In step S50, the processing unit 11 calculates the light projection angle α in the vertical direction and the distance DL to the road surface point at each depth distance X, and the processing proceeds to step S60. The relationship between the vertical direction angle and the depth distance X is as illustrated in FIG. 5A. In addition, the relationship between the depth distance X, the height Z of the road surface, and the distance DL to the road surface is as illustrated in FIG. 4B.
In step S60, the processing unit 11 calculates the required angular resolution at each depth distance X, and the processing proceeds to step S70. The required angular resolution is an angular resolution required for detecting a detection target having a size designated in advance. The relationship between the depth distance X and the angular resolution is as illustrated in FIG. 5B.
In step S70, the processing unit 11 causes the determination unit 113 to determine the angular resolution in the vertical direction as the required angular resolution, and the processing proceeds to step S80. In the embodiment, the angular resolution in the vertical direction is determined prior to the angular resolution in the horizontal direction.
In step S80, the determination unit 113 of the processing unit 11 determines the angular resolution in the horizontal direction as the required angular resolution, and the processing proceeds to step S90. By determining the angular resolution in the horizontal direction after the angular resolution in the vertical direction, it becomes easy to make the angular resolution in the horizontal direction match the angular resolution in the vertical direction.
In step S90, the processing unit 11 determines the coordinates of the detection points. More specifically, coordinates indicating the positions of the detection points as exemplified by the black circles in FIG. 6B are determined. The recognition unit 111 recognizes a three-dimensional object or the like in the traveling direction of the road RD on which the subject vehicle 101 travels, on the basis of the detection data detected at the positions of the detection points determined in step S90.

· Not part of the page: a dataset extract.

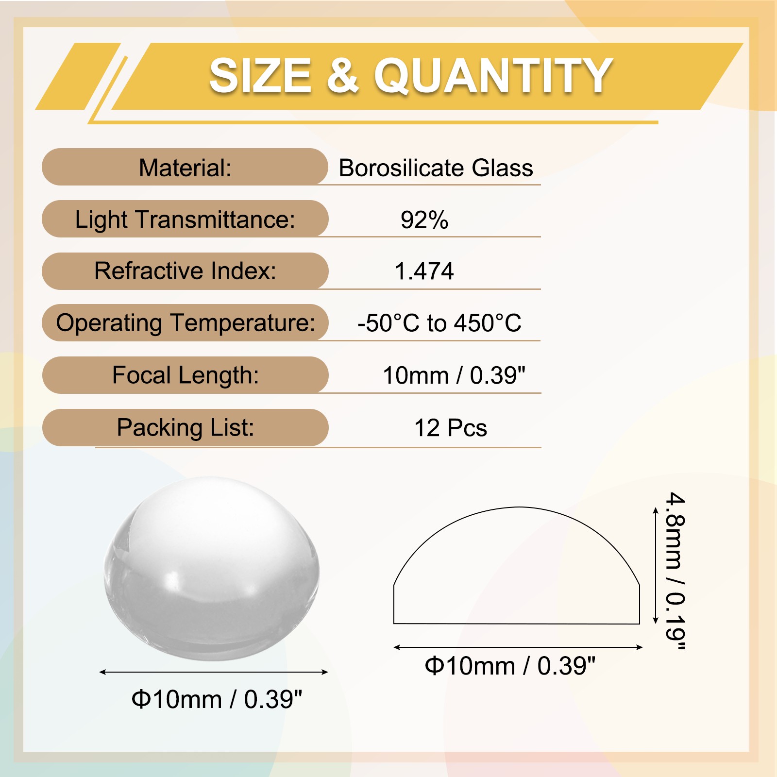 12 Pack Convex Lens, 10mm OD 10mm Focal Length Optical Lenses

Note that whenever the point cloud data is acquired in step S10, the processing unit 11 maps the relative position of the three-dimensional object or the like based on the point cloud data, on the X-Y two-dimensional map, and generates position data that is continuous in a two-dimensional manner. Then, the relative position of the three-dimensional object or the like based on the point cloud data can be converted into the coordinates with the position of the subject vehicle 101 as the center, and the coordinates can be recorded on the two-dimensional map.

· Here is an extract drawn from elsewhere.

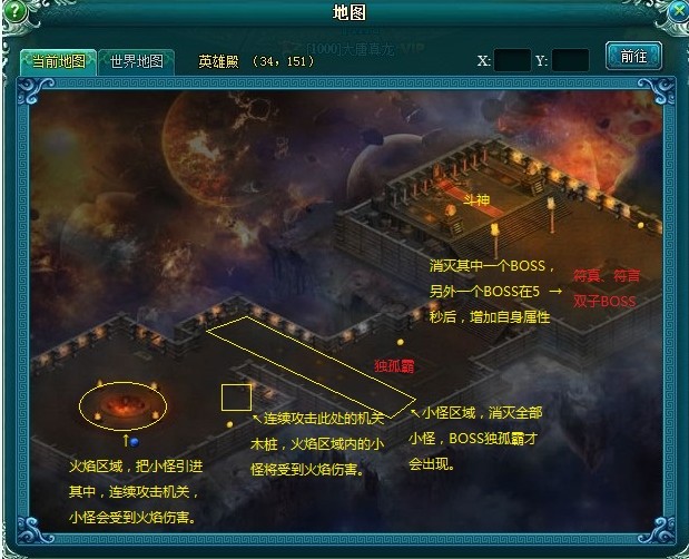 搜索"8090网页游戏"8090大唐真龙贰玩家33级可参加英雄殿副本,建议38级后组队前往。进入副本后,玩家可以和队友互相合作消灭小怪,安排一名或多名队员引怪到火焰区域,安排另外一名队员,一直攻击机关木桩,处于火焰区域的怪物将会收到持续的火焰伤害,大大降低了打怪难度。

In step S100, the processing unit 11 determines whether to end the processing. In a case where the subject vehicle 101 is continuously traveling in the self-drive mode, the processing unit 11 makes a negative determination in step S100, the processing returns to step S10, and the above-described processing is repeated. By returning to step S10, the measurement of the three-dimensional object or the like based on the point cloud data is periodically and repeatedly performed while the subject vehicle 101 is traveling. On the other hand, in a case where the subject vehicle 101 has finished traveling in the self-drive mode, the processing unit 11 makes an affirmative determination in step S100, and ends the processing of FIG. 9.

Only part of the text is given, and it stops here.